• [The task] Return the listing below exactly. Leave its pictures out.

START Dataset section

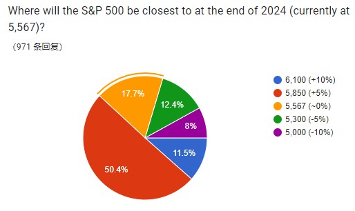 鲍威尔在美国国会的评论也被市场解读为偏向中性,没有出现鹰派信号,进而推动标普 500 指数周二创下新的收盘新高,创下该指数 2024 年以来的第 36 个纪录。根据 Seeking Alpha 最新的 7 月情绪调查,超过六成的受访者认为到 2024 年年底将上涨,其中近 50% 的受访者认为将上涨 5%。
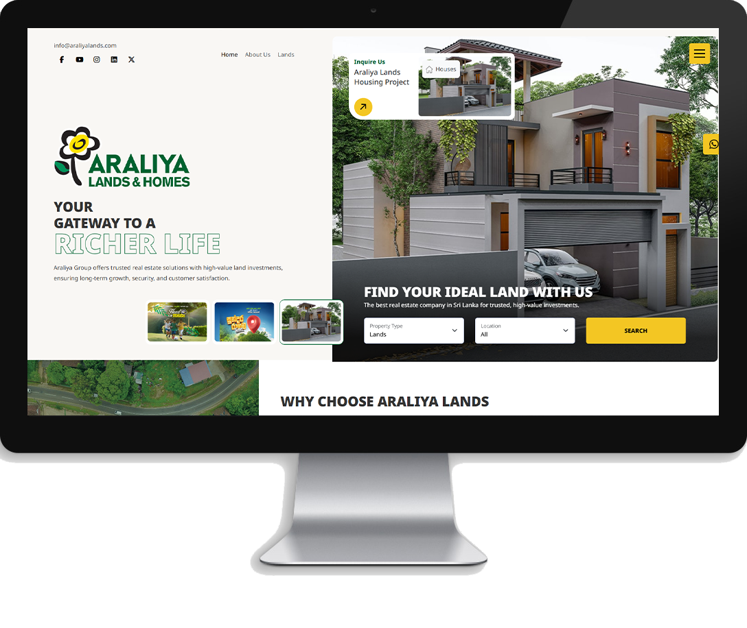 A trusted name in Sri Lanka’s real estate industry, Araliya Lands & Homes is dedicated to helping people achieve their dream of land ownership. Recognizing this vision, TekGeeks developed a user-friendly and visually engaging website to support Araliya’s clients throughout their property journey. The platform also enables users to explore available lands and conveniently sell their own properties online.
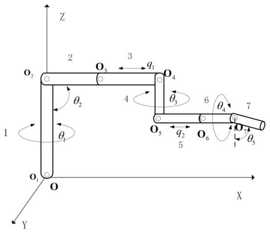 where, is the joints’ gravitational potential energy, is the joints’ elastic potential energy, is the elastic modulus of the corresponding joint, is the moment of inertia of the joint to the z-axis, and is the elastic deformation of the corresponding joint.
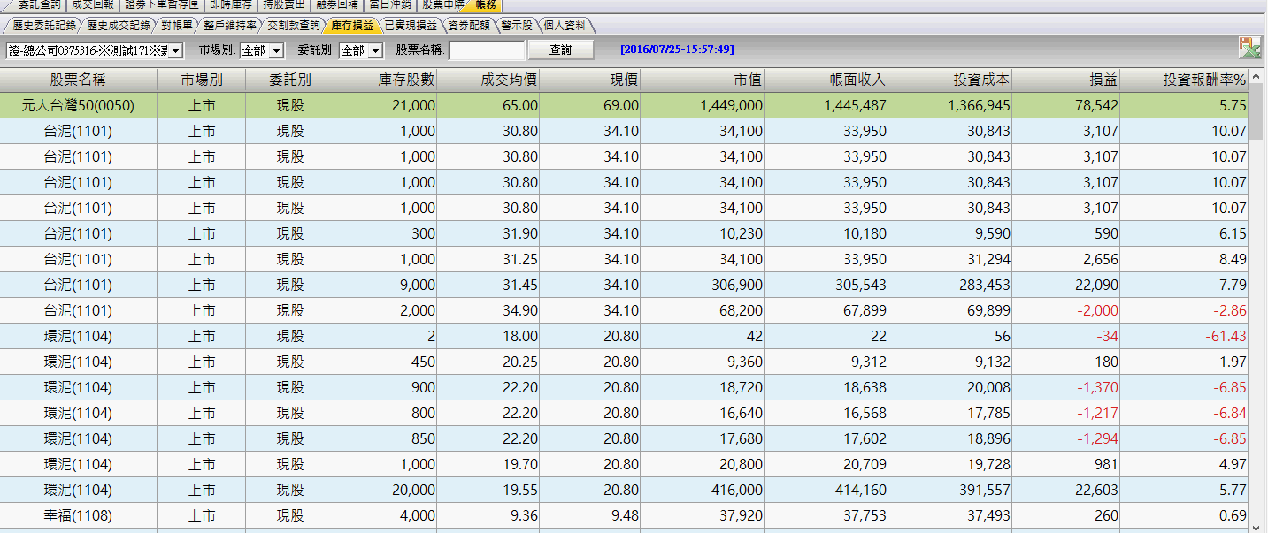 由交易頁面"群組按鈕"的「證券」點選「帳務」/「庫存損益」。

END Dataset section

• [Answer below]
 鲍威尔在美国国会的评论也被市场解读为偏向中性,没有出现鹰派信号,进而推动标普 500 指数周二创下新的收盘新高,创下该指数 2024 年以来的第 36 个纪录。根据 Seeking Alpha 最新的 7 月情绪调查,超过六成的受访者认为到 2024 年年底将上涨,其中近 50% 的受访者认为将上涨 5%。
 A trusted name in Sri Lanka’s real estate industry, Araliya Lands & Homes is dedicated to helping people achieve their dream of land ownership. Recognizing this vision, TekGeeks developed a user-friendly and visually engaging website to support Araliya’s clients throughout their property journey. The platform also enables users to explore available lands and conveniently sell their own properties online.
 where, is the joints’ gravitational potential energy, is the joints’ elastic potential energy, is the elastic modulus of the corresponding joint, is the moment of inertia of the joint to the z-axis, and is the elastic deformation of the corresponding joint.
 由交易頁面"群組按鈕"的「證券」點選「帳務」/「庫存損益」。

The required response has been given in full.